PROBLEM TO SOLVE:
When the line with "Портативная зарядная станция" turns up below, begin repeating exactly, and carry on through the line with "İzmir’in Bergama ilçesinde"; no pictures go into the copy.

GIVEN MATERIAL:
:::::

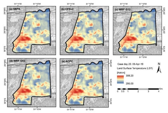 Figure 6. LST images retrieved with atmospheric parameters from (a) SBPA, (b) CFSv2, (c) WRF G12, (d) WRF G03, and (e) ACPC, for case day 25 (9 April 2019).
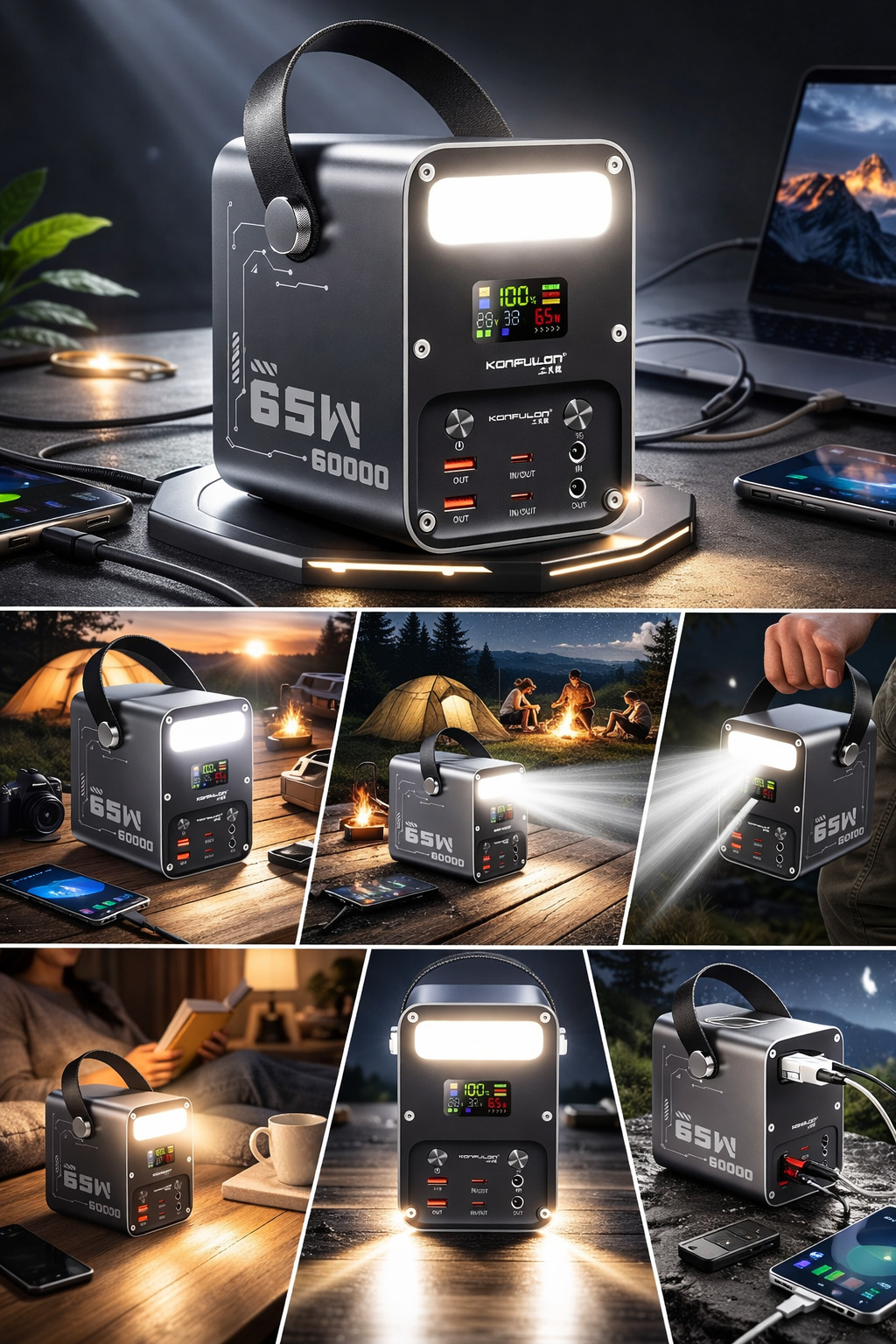 Портативная зарядная станция PowerBank 60000 mAh (PD 65W + 22.5W) с DC выходом + LED фонарь
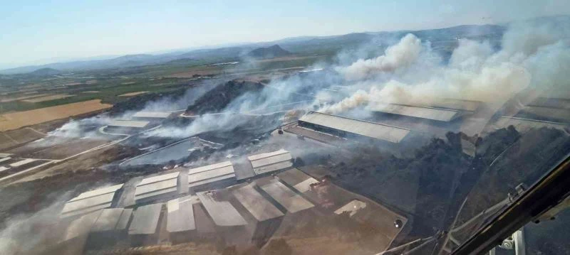 İzmir’in Bergama ilçesinde orman dışı otluk alanda yangın çıktı. Süt işleme tesisini tehdit eden alevlere 2 helikopter ve 6 arazöz ile müdahale ediliyor.
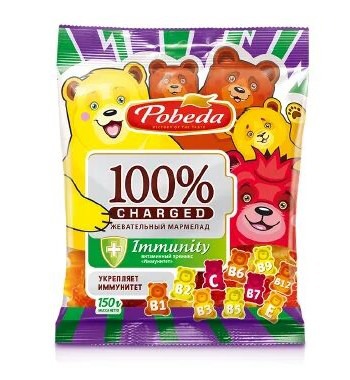 Натуральный жевательный мармелад – это, прежде всего, самое правильное лакомство для взрослых и детей. Пектин и натуральный сок, входящие в состав продукта, улучшают обменные процессы и работу ЖКТ. Мы усилили полезные свойства мармелада с помощью витаминов и микроэлементов, чтобы они поддерживали здоровье и взрослых, и детей. Мармелад Charged «Иммунитет» – мармелад со вкусом апельсина, лимона, банана и граната являются источником витаминов В1, В2, В3, В6, В12, Е, С, фолиевой кислоты и других веществ, которые усиливают защиту организма и помогают противостоять инфекциям.

:::::

RESPONSE TO THE TASK:
 Портативная зарядная станция PowerBank 60000 mAh (PD 65W + 22.5W) с DC выходом + LED фонарь
 İzmir’in Bergama ilçesinde orman dışı otluk alanda yangın çıktı. Süt işleme tesisini tehdit eden alevlere 2 helikopter ve 6 arazöz ile müdahale ediliyor.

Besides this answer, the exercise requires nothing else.